Google has updated Android’s Quick Share feature to support Apple’s AirDrop, which allows users of Apple devices to share files directly using a local peer-to-peer Wi-Fi connection. Apple devices with AirDrop enabled and set to “Everyone for 10 minutes” mode will appear in the Quick Share device list just like other Android phones, and Android devices that support this new Quick Share version will also appear in the AirDrop menu.
Google will, at least initially, only support the feature on the Pixel 10 series. The company is “hoping to improve the experience and expand it to more Android devices”, but it did not announce anything about a timeline or any hardware or software requirements. Quick Share also won’t work with AirDrop devices operating in the default “Contacts only” mode, although Google says “[welcomes] Opportunity to work with Apple to enable ‘Contacts Only’ mode in the future. (Read between the lines: Google and Apple are not currently working together to enable this, and Google confirmed to The Verge that Apple was not involved at all.)

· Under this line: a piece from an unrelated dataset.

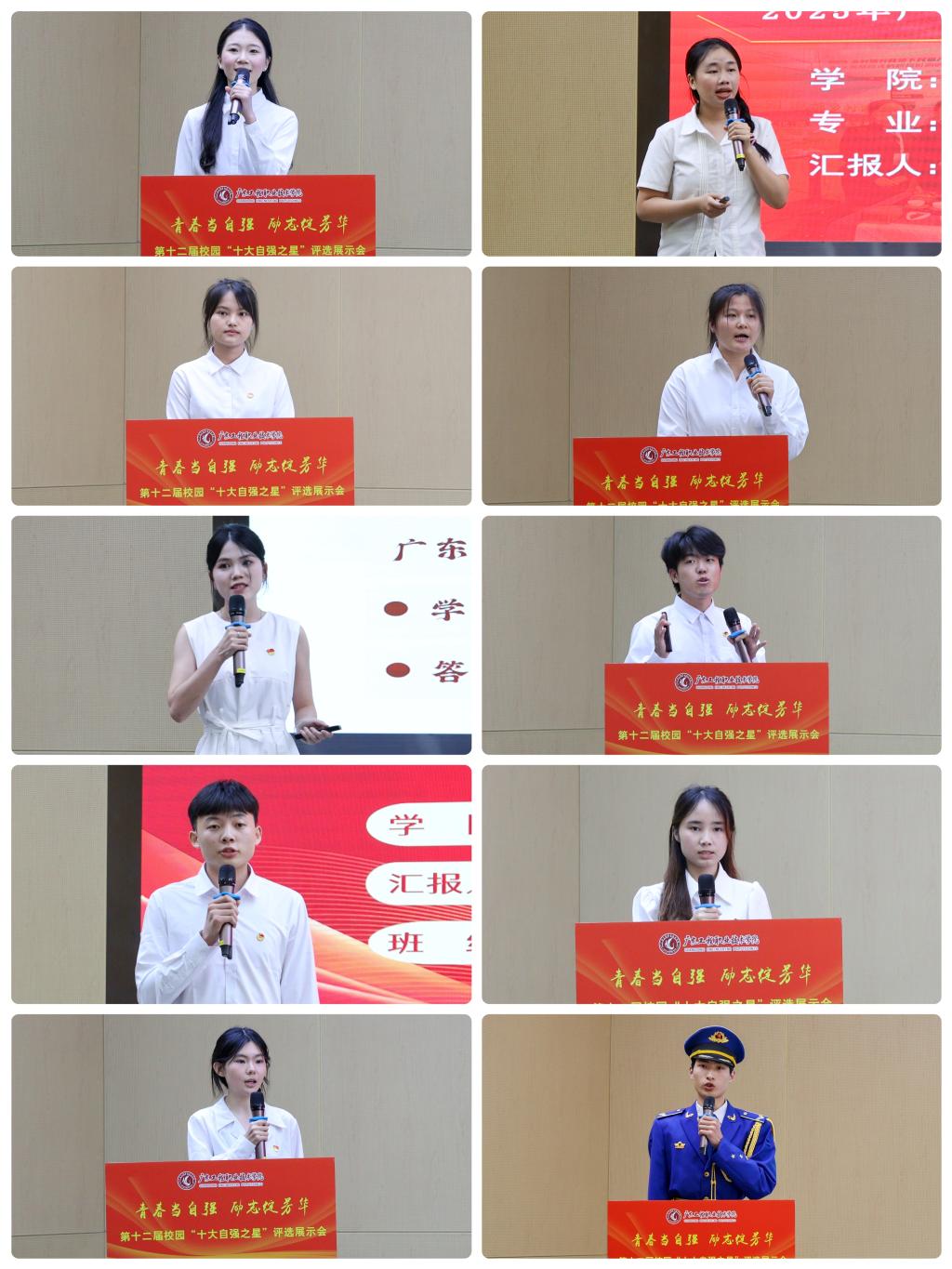 青春当自强,励志绽芳华。6月12日下午,学校第十二届校园“十大自强之星”评选展示会在清远校区报告厅举行。学校党委委员、副校长张永强出席活动并讲话,各二级学院党委书记、副书记,助学辅导员老师和学生代表参加现场活动。学生工作部(招生与就业指导中心)部长吴华长、团委副书记黄澄、创新创业学院副院长何杰文等5位职能部门中层干部担任评委。

Like AirDrop, Google notes that files shared through Quick Share are transferred between devices, without being sent directly to any company’s servers.
Google shared a little more information about the security of Quick Share in a separate post, crediting Android’s use of the memory-safe Rust programming language for making secure file sharing between platforms possible.
“Its compiler enforces strict ownership and borrowing rules at compile time, which guarantees memory safety,” writes Dave Kledermacher, Google vice president of platform security and privacy. “Rust removes the entire class of memory-related bugs. This means our implementation is inherently resilient against attackers attempting to use maliciously crafted data packets to exploit memory errors.”